Set down the first line below and each line after it, ending with the one that holds "玩家还可以通过击杀金币BOS". Pictures do not belong in the copy.

- [The records]
##############################
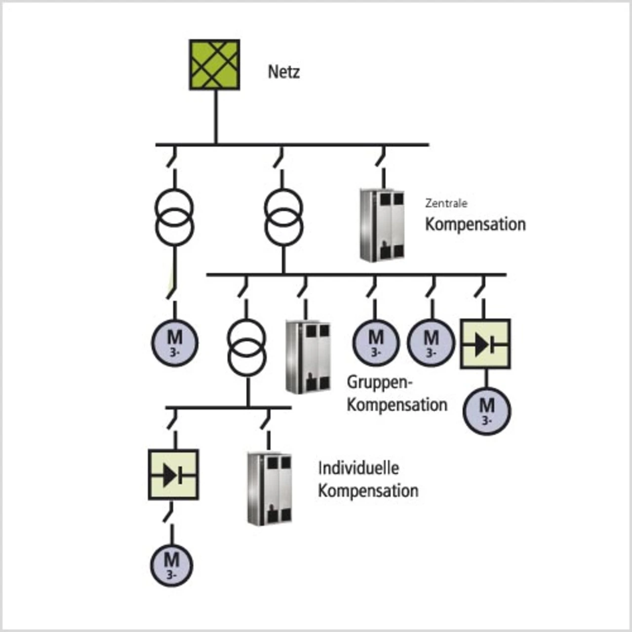 Da die Summe aller nichtlinearen Verbraucher stetig steigt, reichen geräte-interne Filtermaßnahmen oft nicht aus. Zur weiteren Reduzierung des negativen Einflusses auf die Netzqualität stehen dem Anwender verschiedene Möglichkeiten zur Verfügung: Eine davon ist, passive Filter vor die Frequenzumrichter zu schalten. Alternativ kann ein geschicktes Zusammenfassen von Antrieben zu einer „Quasi-12-Puls“-Lösung helfen, das speisende Mittelspannungsnetz zu entlasten. „Quasi-12-Puls“ bezeichnet eine Verschaltung verschiedener Geräte, die normalerweise eine so genannte 6-Puls-Gleichrichterbrücke verwenden, in der Art, dass das Ergebnis einer 12-Puls-Gleichrichtung entspricht. Die derzeit effektivste und flexibelste Lösung stellen so genannte aktive Filter dar. Sie messen die Oberschwingungsbelastung permanent, berechnen einen Komplementärstrom und speisen diesen zum Eliminieren der Oberschwingungen in das Netz ein. Eine weitere Möglichkeit besteht im Aufstellen eines neuen, größeren Transformators, der ausschließlich zur Speisung der zusätzlichen Umrichterlast dient. Die jeweils optimale Lösung kann auch eine Kombination der beschriebenen Maßnahmen sein.
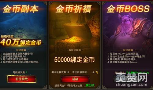 玩家还可以通过击杀金币BOSS和金币副本来获得金币,这两种玩法几乎一样,玩家都需要打倒强力的金币BOSS来获得大量的金币奖励,区别只是金币副本是玩家单独挑战,获得的金币奖励较少,而金币BOSS则是所有玩家一起挑战,获得金币也多很多。
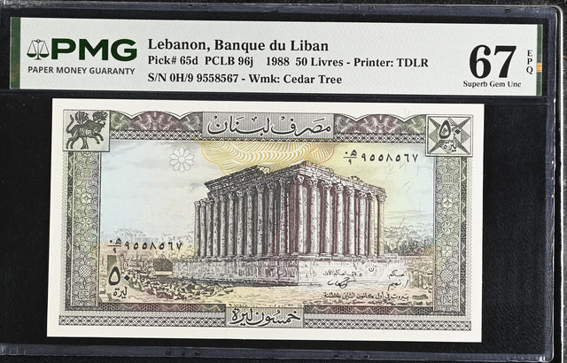 Lebanon 50 Livres 1988 P 65 d Superb Gem UNC PMG 67 EPQ
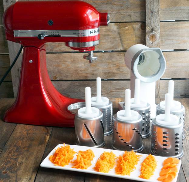 Любителям часто готовить овощные салаты или супы необходимо позаботиться о присутствии в комплекте устройства таких насадок, как шинковка и нарезка ломтиками.
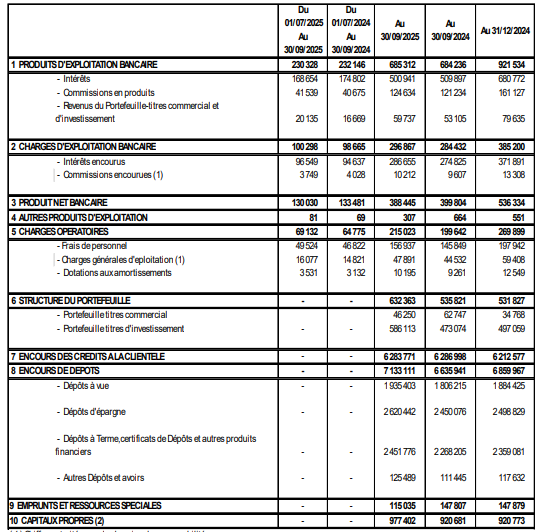 - Les charges opératoires - qui sont en hausse de +7,7% - s’élèvent à 215 MTND à fin septembre 2025 vs 199,6 MTND à fin septembre 2024.
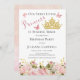 "Unsere süße kleine Prinzessin dreht sich um drei" "Geburtstagsparty" Design mit Farbverlauf unbearbeitbaren Drehtext für "Prinzessin" mit einem Imitat Gold Glitzer Tiara Kronen, rosa Farbverlauf Schmetterlinge und auf den unteren Imitaten Gold Glitzer betont rosa Rosa Blumenrahmen. Fügen Sie einfach Party-Details hinzu, um das Design zu vervollständigen.
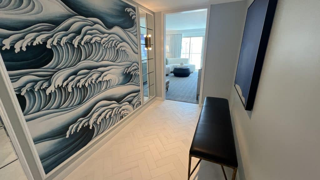Toll fand ich, dass neben einer Sitzbank im Eingangsbereich auch noch eine große Strandgrafik zu finden ist, die dem Raum direkt eine passende Atmosphäre gibt.
##############################
- [Answer]
 Da die Summe aller nichtlinearen Verbraucher stetig steigt, reichen geräte-interne Filtermaßnahmen oft nicht aus. Zur weiteren Reduzierung des negativen Einflusses auf die Netzqualität stehen dem Anwender verschiedene Möglichkeiten zur Verfügung: Eine davon ist, passive Filter vor die Frequenzumrichter zu schalten. Alternativ kann ein geschicktes Zusammenfassen von Antrieben zu einer „Quasi-12-Puls“-Lösung helfen, das speisende Mittelspannungsnetz zu entlasten. „Quasi-12-Puls“ bezeichnet eine Verschaltung verschiedener Geräte, die normalerweise eine so genannte 6-Puls-Gleichrichterbrücke verwenden, in der Art, dass das Ergebnis einer 12-Puls-Gleichrichtung entspricht. Die derzeit effektivste und flexibelste Lösung stellen so genannte aktive Filter dar. Sie messen die Oberschwingungsbelastung permanent, berechnen einen Komplementärstrom und speisen diesen zum Eliminieren der Oberschwingungen in das Netz ein. Eine weitere Möglichkeit besteht im Aufstellen eines neuen, größeren Transformators, der ausschließlich zur Speisung der zusätzlichen Umrichterlast dient. Die jeweils optimale Lösung kann auch eine Kombination der beschriebenen Maßnahmen sein.
 玩家还可以通过击杀金币BOSS和金币副本来获得金币,这两种玩法几乎一样,玩家都需要打倒强力的金币BOSS来获得大量的金币奖励,区别只是金币副本是玩家单独挑战,获得的金币奖励较少,而金币BOSS则是所有玩家一起挑战,获得金币也多很多。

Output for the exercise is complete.